Rutin and Quercetin Protect Bone Marrow Against Harms of Radiation Therapy

by | Apr 19, 2016 | 2014, Cancer, Quercetin

Written by Greg Arnold, DC, CSCS. Radiated mice who received quercetin and rutin had 23.6% less damage to their chromosomes than the “radiated-only” mice while the “radiated-only” mice had double the amount of chromosomes damage compared to the control group.

Radiation treatment in cancer patients has been shown to have “great impact” on cancer cells (1) but has a detrimental impact on DNA healthy tissue (2) and this is problematic for healthy tissues as DNA repair plays “critical roles” in protecting cells (3, 4). As a result, finding ways to ways to let radiation kill cancer cells but finding ways to protect healthy cells “is of immediate need.”

In a 2014 study (5), 16 Swiss albino mice weighing 25-30 grams each were put into 1 of 4 groups (4 mice in each group) for 5 days after which bone marrow samples were obtained and damage to chromosome (called “aberrations”) measured:

  • Radiation only: mice were radiated on day 5 “at a dose rate of 1.33 Gy/min and source‑to‑surface distance of 61 centimeters.”
  • Rutin and Quercetin only: each mouse was given rutin (20 milligrams per kilogram of bodyweight) and quercetin (20 mg/kg/bw) for 5 days with no radiation exposure.
  • Rutin and Quercetin before radiation: each mouse was given rutin (20 milligrams per kilogram of bodyweight) and quercetin (20 mg/kg/bw) for 5 days before radiation exposure on day 5.
  • Control group: No radiation and no rutin/quercetin.

Researchers found that mice in the radiation-only group had more than double the amount of chromosomal aberrations compared to the control group (2.12 versus 1.05, p < 0.05).
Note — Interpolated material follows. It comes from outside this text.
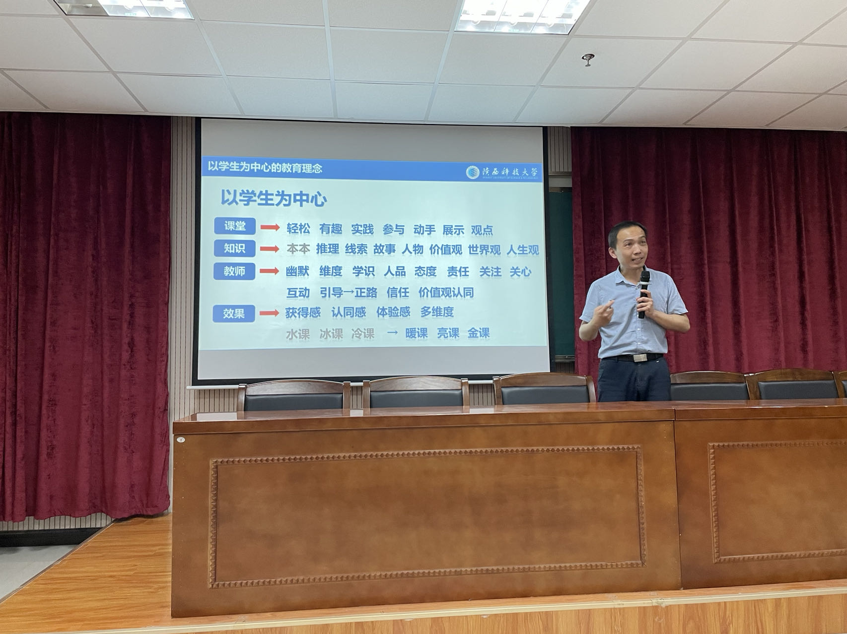 刘庆立围绕课程思政的根本任务、为什么推行课程思政、课程思政改革的探索三个方面,结合钱学森在课程思政中的先行探索实践案例,突出强调了立德树人的重要性。他指出,教师要秉承教育初心,明晰教育本质和规律,践行以学生为中心的教学理念,切实发挥好思政教育在课堂教学中的作用,努力做精于“传道授业解惑”的“经师”和“人师”的统一者,真正成为培养担当民族复兴大任时代新人的大先生。刘庆立老师谦虚严谨的治学态度、精彩生动的教学案例、深入浅出的启发式教学方式博得在场教师热烈的掌声。

For the supplemented groups, quercetin/rutin-only mice had 1.12 aberrations while rutin/quercetin-radiation mice had 23.6% lower aberrations than the radiation-only group (1.62 versus 2.12 aberrations, p < 0.05), showing a protective effect of rutin and quercetin on DNA health in the presence of radiation.

For the researchers, “Results from the present study suggest that rutin and quercetin, naturally occurring phenolic compounds, effectively protect cells against radiation‑induced genotoxicity.” In fact, previous research demonstrates that rutin can and does induce apoptosis in cancer cell lines. (6,7) During normal cell growth, flavonoids like rutin and quercetin serve as a protective agents by supporting the production and activity of other antioxidants within the cell to combat oxidative onslaughts. However, if the cell is already damaged ( i.e. in the case of cancer), flavonoids generally follow a different pathway and promote cell death or arrest cell growth and division. (7, 8)

Source: Patil, Shrikant L., Nageshwar B. Rao, H. M. Somashekarappa, and K. P. Rajashekhar. “Antigenotoxic potential of rutin and quercetin in Swiss mice exposed to gamma radiation.” Biomed J 37, no. 5 (2014): 305-313.

Posted April 19, 2016.

References:

  1. Essers J, van Steeg H, de Wit J, Swagemakers SM, Vermeij M, Hoeijmakers JH, et al. Homologous and non‑homologous recombination differentially affect DNA damage repair in mice. EMBO J 2000;19:1703‑10.
  2. Hall EJ. Acute effects of total‑body irradiation, Radiobiology for the Radiologist. 2nd ed. Philadelphia, PA: Lippincott Williams and Wilkins; 2000. p. 42‑59
  3. Seo YR, Kelley MR, Smith ML. Selenomethionine regulation of p53 by a ref1‑dependent redox mechanism. Proc Natl Acad Sci U S A 2002;99:14548‑53
  4. Jung HJ, Kim EH, Mun JY, Park S, Smith ML, Han SS, et al. Base excision DNA repair defect in Gadd45a‑deficient cells. Oncogene 2007;26:7517‑25
  5. Patil SL. Antigenotoxic potential of rutin and quercetin in Swiss mice exposed to gamma radiation. Biomed J 2014 Sep-Oct;37(5):305-13. doi: 10.4103/2319-4170.132880
  6. Pathak S, et al. Ruta 6 selectively induces cell death in brain cancer cells but proliferation in normal peripheral blood lymphocytes: A novel treatment for human brain cancer. Int J Oncol. 2003 Oct;23(4):975-82.
  7. Perk AA, et al. Rutin mediated targeting of signaling machinery in cancer cells. Cancer Cell Int. 2014 Nov 30;14(1):124.
  8. Yao H, et al. Dietary flavonoids as cancer prevention agents. J Environ Sci Health C Environ Carcinog Ecotoxicol Rev. 2011;29(1):1-31.